You must have all the elements of assault ( in bold above). If any of them fail, assault is not made out.

1. "Conduct":  No actual violence is required. Conduct that simply causes apprehension personal violence is enough.  e.g. repeated silent telephone calls have been ruled to be sufficient. (R v Ireland; R v Burstow [1997] 4 All ER 225 ) The conduct element does not require physical action and words or, as in R v Ireland, silence alone are sufficient. What particulair form the words take (whether they are spoken to the victim or written)  is of no relevance as long as they cause the apprehension of unlawful violence. (Schiemann LJ in R v Constanza [1997] 2 Cr App Rep 492

2. "Intentionally or recklessly"

"Intentionally"  in the context of assault means deliberately. "Recklessly" can be distilled down to the defendant seeing the possibility of the risk and taking that risk anyway.   In the context of assault, the defendant  must foresse the possibility (even if very slight) that the victim may apprehend unlawful personal violence and take that risk.  

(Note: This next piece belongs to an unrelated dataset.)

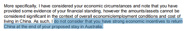 澳大利亚 ![]() 不少小伙伴应该都有听说过:有拒签记录的话,再次申请并获批的几率是大大降低的。如果被拒过两次,夸张点地形容,那相当于出国的大门只留下了一条门缝了。 但!是! 这也并不意味着就一定没有机会。 每个人的具体条件和情况不一样,如果不幸被拒了,千万不要马上灰心,仔细复盘材料,根据领馆拒签信推测拒签理由,说不定还是有翻盘的机会哦 ![]() 。 办理澳大利亚商务签被拒过两次的A先生,就在国庆假期的后一天收到了第三次申请的准签信! ![]() ![]() ![]() ![]() 顾问君到底是怎么办到的? 小伙伴们注意啦,顾问君有宝藏经验跟大家分享~ 知识点先给大家归纳好了▼ Part 01 拒签翻案经验大总结 <<<< Attention!>>>> “ 一、分析拒签信,推测拒签理由 收到拒签通知的第一时间,建议小伙伴们留意领馆发送的拒签信,看看给出的拒签理由都有什么,然后针对信中的官方拒签理由推测出真实详细的拒签理由。 二、针对拒签理由完善资料,“对症下药” 推测出真实详细的拒签理由后,结合之前自己提交的材料来看,找出不足的地方,对应补充或者完善材料。 *提醒:拒签翻案重新递交申请,如果提交的材料跟前一次一模一样,那顾问君劝小伙伴可以直接别浪费钱重新申请了。拒签了没有更新材料直接再次申请,获批率基本为0。 三、拒签解释信 凡是拒签过的话,再次申请都建议另外补充一封拒签解释信,针对前一次申请的拒签理由,一一回应说明。有时候,材料并不能非常直观地表达您想对签证官说明的意思,并且要记住,签证官有可能是对国内各种环境和材料并不熟悉的外国人,因此,一封通俗易懂、与完善后的材料能互相辅助说明的解释信是非常必要的。 四、真诚才是最大的必杀技! 基本没有一个国家不欢迎真诚并富有的中国游客去往当地旅游消费。同时,发达国家最忌讳的是逾期停留、以及打着旅游的幌子实则想非法停留、工作或移民的访客。 *什么才算是真诚的申请人? 顾问君可以理解为:材料真实、目的真实、签证目的与实际目的一致,遵纪守法,不逾期停留等。 *拒签翻案时,如何体现自己的真诚? 最直接的就是通过解释信中的语言措辞来表达,辅之以过往出行照片、家庭照片、工作照片等。 “ 知识点可能过于枯燥,顾问君给大家举个“栗子”来看看。 Part 02 案例分析 <<<< Example >>>> ![]() “ A先生申请背景: 海归硕士,去过申根国,在职公司经理,申请澳大利亚商务签证,两次皆被拒。 “ Australia ![]() ![]() 【拒签翻案四步走】 第一步,首先来看看A先生收到的拒签信节选是怎么写的: ![]() ![]() 乍一看,其实都是很宽泛的官方说法,认为A先生在国内的工作、经济、家庭等联系不够紧密,资金条件不足以支撑在澳洲出行及归国,有逾期停留在澳洲的风险。 但是结合申请背景,其实A先生的基本条件是不错的,但是为什么签证官会得出与本人背景相悖的结论呢? 结合拒签信,就需要更进一步了解A先生的申请材料及具体情况了,经过顾问君的分析,不难得出结论:虽然基本条件不错,但是由于A先生毕业不久,个人账户下的资金不多,入职时间太短。 办理商务签证,通常对于个人财力没有太看重,但是结合就职时间太短,并且前两次申请中没有提供显示公司实力的资料,或公司对其在澳洲进行商务活动的其他担保资料等,就没有办法显示A先生有稳定长期的收入及公司联系。 既然没有公司资料可参考说明,那只能看个人财力,可是A先生前两次提供的个人账户下,虽然有显示工资收入,但是余额并不多,集体户口也证明不了有详细的家庭关系。 第二步,推测出详细的拒签理由后,就可以开始“对症”完善签证材料了。 ►就职时间短:现实没办法改变,那就凸显公司在商务签申请中的重要性。补充公司相关资料等。 ►家庭联系不紧密:提供能显示家庭关系的资料等。 ►个人财力不足:可适当继续补充家人名下的资产等。 第三步,根据以上分析和补充材料,书写拒签解释信,务必言辞诚恳,有条理,有证据。 第四步,怀着真诚的心,重新递交申请。 ![]() “ 最后顾问说说: 当然,不同国家不同领馆的风格不一样,有些国家拒签并不会给拒签信,有些国家的拒签信大多是制式模板,难以针对拒签信推测拒签理由,这样特殊情况下就需要特殊分析。 “ 希望小伙伴们都能如愿 ![]() 顺利地获得签证 开开心心出行! 有任何疑问?签证需求? 欢迎来找实力杠杠的顾问君啦! ![]() ![]() ![]() ![]() |

Remember, that the prosecution must prove that the defendant  saw the risk and took it anyway because recklessness is subjective (i.e. it is not enough  to prove  that the jury foresaw the risk). R v Cunningham [1957] 2 All ER 412 and R v G and another [2003] UKHL 50, 

3. “Apprehend” is expect but not necessarily fear

"Apprehension" is not synonymous with “fear” as it is possible to apprehend personal violence without fearing it and vice versa. Though they seem very close, R v Venna focuses on “apprehension” and not “fear”.

4."Immidiate" personal violence 

This has been interpreted broadly. The immediacy requirement was satisfied in R v Ireland (above)  by conduct that caused the victim to apprehend violence "within a minute or two"  (see R v Ireland above).

5. Threat must be unlawful

The threat will not be unlawful if made in self-defence or with consent of the victim.